# * Introducing V Olina vom Holtkämper Tor *



## Jagenstadt (Feb 1, 2004)

*We are proud to introduce our newest import female.*
*V Olina vom Holtkämper Tor *
*SchH3, Kkl1 "a" HD-Ed normal ZW-79*
*Here's a link to her pedigree:*
V Olina vom Holtkämper Tor - German Shepherd Dog









*Here are some pictures of Olina in with her family in Germany *









*Olina is a full sister to VA10 BSZS 2009 Mega vom Holtkämper See.*
*Mega produced the SG-10 male and SG-11 female at the BSZS this year.*
*Olina's other sister Onja produced the SG-8 male at the BSZS this year.*


​


----------



## koda00 (Apr 27, 2009)

Beautiful!!!!:wub:


----------



## Jagenstadt (Feb 1, 2004)

Thank you.
We're VERY excited to have Olina in our kennel.
We feel that she will have a great impact on the future of our breeding program.
She has a SUPER temperament and disposition and she's real easy on the eyes! 

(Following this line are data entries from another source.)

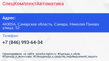 СпецКомплектАвтоматика по адресу 443056, Самарская область, Самара, Николая Панова улица, 52 в дальнейшем Организация, размещена в следующих категориях: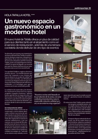 Un nuevo espacio gastronómico en un moderno hotel El nuevo hotel de Tafalla ofrece un plus de calidad para sus clientes tanto en el alojamiento como en el servicio de restauración, además de una terrazacoctelería donde disfrutar de otro tipo de eventos Su ubicación, sus accesos y sus comunicaciones hacen del hotel Hola Tafalla el establecimiento ideal para empresas, trabajadores, y deportistas. No en vano se encuentra situado en la zona urbanística más floreciente de Tafalla, y junto a la Ciudad Deportiva de la localidad, con quien ha llegado a un acuerdo para que los clientes disfruten de sus instalaciones como un servicio más del hotel. Y es que Hola Tafalla es, según su directora, Arantxa Ayarra, “un establecimiento que busca dar respuesta a esos clientes que buscan alojarse con un plus de calidad”, de ahí sus cuatro estrellas. Las 58 habitaciones de las que dispone (entre las que se incluyen dos suites) disponen de todas las comodidades y la tecnología para que la estancia sea lo más confortable posible. La calidad en los materiales y los elementos constructivos hacen de él un espacio acogedor, tranquilo y luminoso: “además, hemos querido dar un toque de color a la decoración con las fotografías del tafallés Atxu Ayerra, que decoran tanto las habitaciones como otras estancias del hotel”, aseguraban desde la dirección del establecimiento. Un restaurante de calidad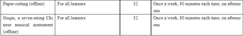 Offline courses: Chinese Calligraphy, Tea Culture, Papercutting, etc.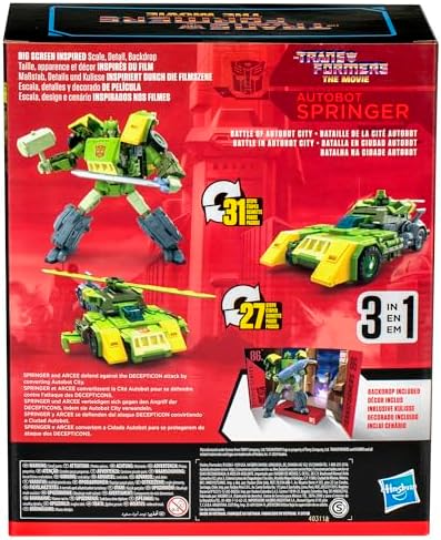 Product Description Bring the epic action of the Transformers movies from the big screen into your collection with the Transformers Studio Series Leader Class Springer action figure, inspired by The Transformers: The Movie! Transformers Studio Series toys are collectible action figures that feature movie-inspired details and accessories. Convert the Studio Series Transformers action figure for 3-in-1 play! The figure converts from robot to Cybertronian tank mode in 31 steps, then to Cybertronian helicopter mode in 27 steps. Pose the Springer toy in the included Battle of Autobot City removable backdrop scene. Key Features: THE TRANSFORMERS: THE MOVIE SPRINGER: This Transformers Studio Series 86-30 Springer action figure is highly articulated for posability and features movie-inspired deco and details,TRANSFORMERS TOYS STUDIO SERIES LEADER CLASS: This 8.5-inch (21.6 cm) collectible action figures is highly articulated for posability and designed with specs and details to reflect the Transformers movie universe,3 ICONIC MODES: This Studio Series Transformers toy is a Triple Changer, featuring 3 converting modes from robot to Cybertronian tank in 31 steps, then to Cybertronian helicopter in 27 steps,AWESOME ACCESSORIES: Transformers figure comes with an attachable blaster and sword for fun poses,ARTICULATED FOR PLAY AND DISPLAY: Transformers figures feature articulated heads, arms, and legs for action poses,REMOVABLE BACKDROP: Removable backdrop displays the Transformers Studio Series Springer figure in the Battle of Autobot City scene,COLLECT STUDIO SERIES MOVIE FIGURES: This action figure toy makes a great collectible figure gift for any Transformers fan Look for more Transformers Studio Series toys to build a collection (each sold separately, subject to availability) This product is designed with premium quality, ensuring durability and superior performance.

She is also a GREAT producer, here's a picture of a 6 month old female "Isis" from her last litter in Germany.


----------



## 1sttimeforgsd (Jul 29, 2010)

Congrats, she is beautiful.


----------



## Stella's Mom (Mar 8, 2011)

Congratulations and I am glad to know there is a top quality breeder so close to home.

What a beautiful beautiful girl.


----------



## Geeheim (Jun 18, 2011)

Gorgeous!


----------



## Hillary_Plog (Apr 3, 2011)

Very nice bitch...good pigment and expression...and it looks like she has nice movement!

Congrats!


----------



## koda00 (Apr 27, 2009)

My Zorro's grandma is Cosy Vom Holtkamper See


----------



## zyppi (Jun 2, 2006)

Congratulations!

She's beautiful.


----------



## Jagenstadt (Feb 1, 2004)

Thanks!
We had Olina to the vet for xrays yesterday.
She is carrying low and I didn't think she had more then 2 or 3 pups in her.
I was very surprised, looks like she's going to have 5 puppies!
We're very excited, puppy watch will begin on Wednesday! 
I'll post some pictures once the little ones arrive.


----------



## VaBeachFamily (Apr 12, 2005)

So, is it customary to breed every heat in Germany? You showed a picture of a pup from her last litter, 6 months old, and she is ready to have them again? 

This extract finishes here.